We acknowledge that the primary potential source of conflict in this study is sponsor bias. To minimize this risk, the study was initiated at the request of the participating institution to independently assess the performance of the TRIA algorithm after its clinical deployment. Notably, the validation dataset originated from an external institution, entirely independent from the one involved in TRIA’s development. We derived the ground truth from diagnostic reports authored by senior radiologists at this external center, without any involvement from company personnel. Researchers from HCFMUSP exclusively performed case selection and data extraction, ensuring an impartial and methodologically sound process. We predefined the study protocol and analysis plan before data analysis, thereby reinforcing methodological transparency. All patient data were fully anonymized at the source in accordance with institutional policies and data protection regulations. The institutional review board (IRB) approved the study and waived the requirement for informed consent due to its retrospective, observational design. We extracted data directly from the hospital PACS after the AI system had already been integrated into routine clinical workflows, ensuring real-world representativeness of the validation process.

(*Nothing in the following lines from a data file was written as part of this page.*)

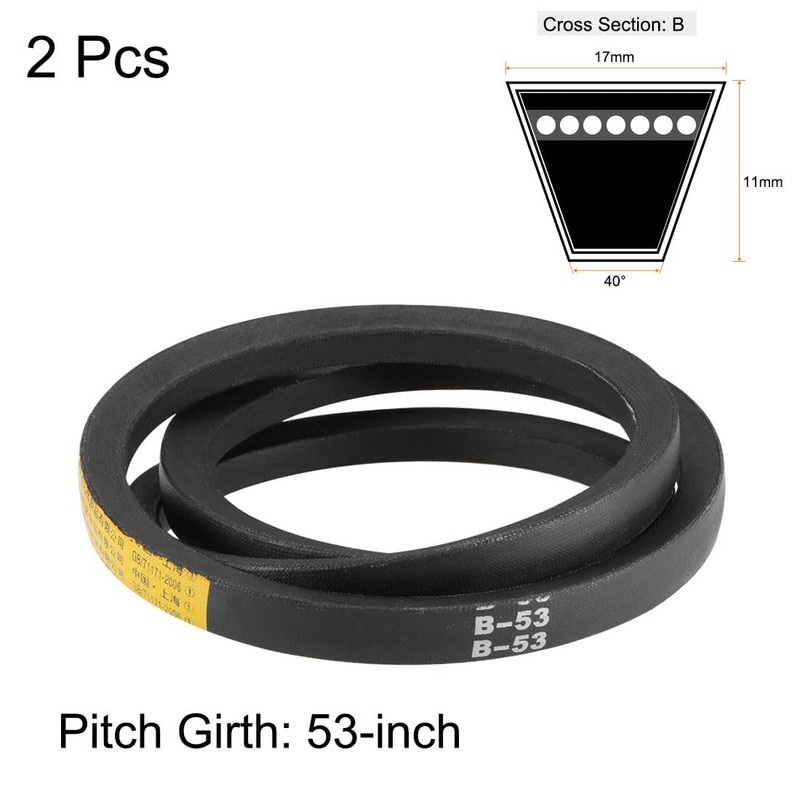 sourcing map B53 V-Belt, B Profile Rubber Drive Belt, 53 Inch Pitch Length, Pack of 2
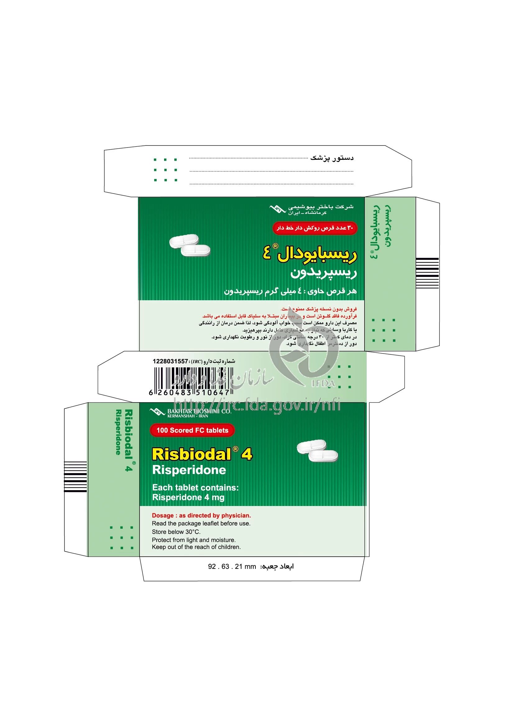 نکات قابل توصیه ریسبایودال قرص خوراکی 4 mg
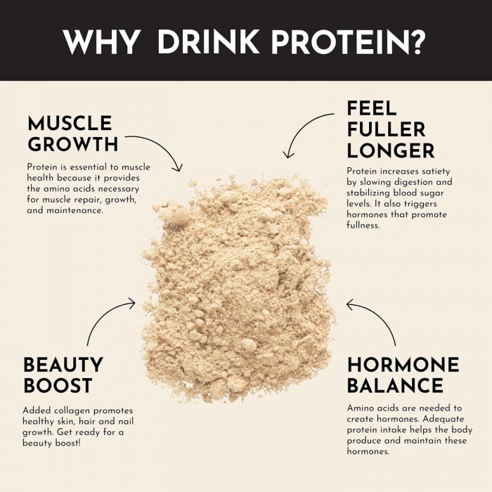 4 Sources of Protein – This blend of Whey, Organic Pea, Collagen, & Chia Seed Proteins, offers multifaceted benefits. It boosts iron levels, strengthens bones, joints, tendons, & improves gut health.
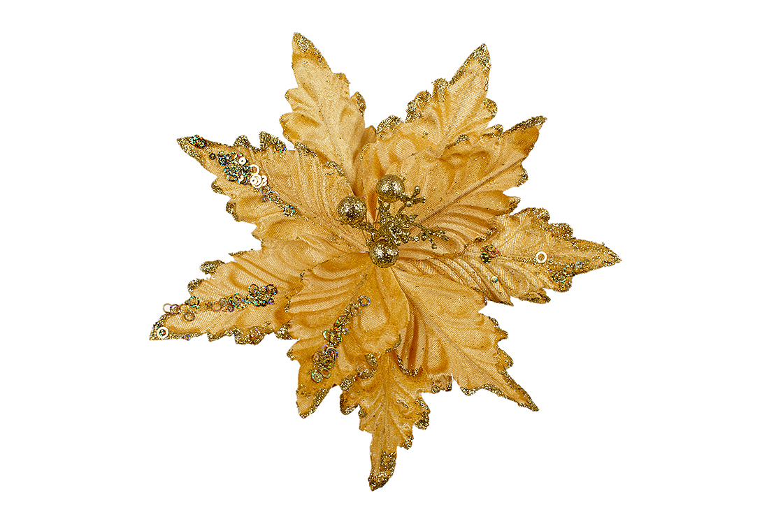 Декоративна квітка Пуансетія 27см, колір - золото

We also recognize that this validation was conducted at a single tertiary academic hospital, which may limit the generalizability of our findings to other clinical contexts, such as primary care or community hospitals, where patient demographics, equipment, and workflow conditions may differ. Future research should include prospective, multicenter evaluations across diverse healthcare settings to confirm the robustness and clinical impact of TRIA under varying operational conditions. Additionally, this study’s retrospective design may overestimate algorithmic performance compared to real-time prospective use, as reported in prior work on diagnostic AI translation to practice [
17]. Finally, the validation dataset was enriched with clinically significant pathologies, which does not reflect the true prevalence of abnormalities in unselected populations and may influence the apparent predictive performance.
Further refinement of the classification model, particularly by adding more pathologies and exploring higher input resolutions, could enhance its ability to detect more subtle findings and improve its clinical utility.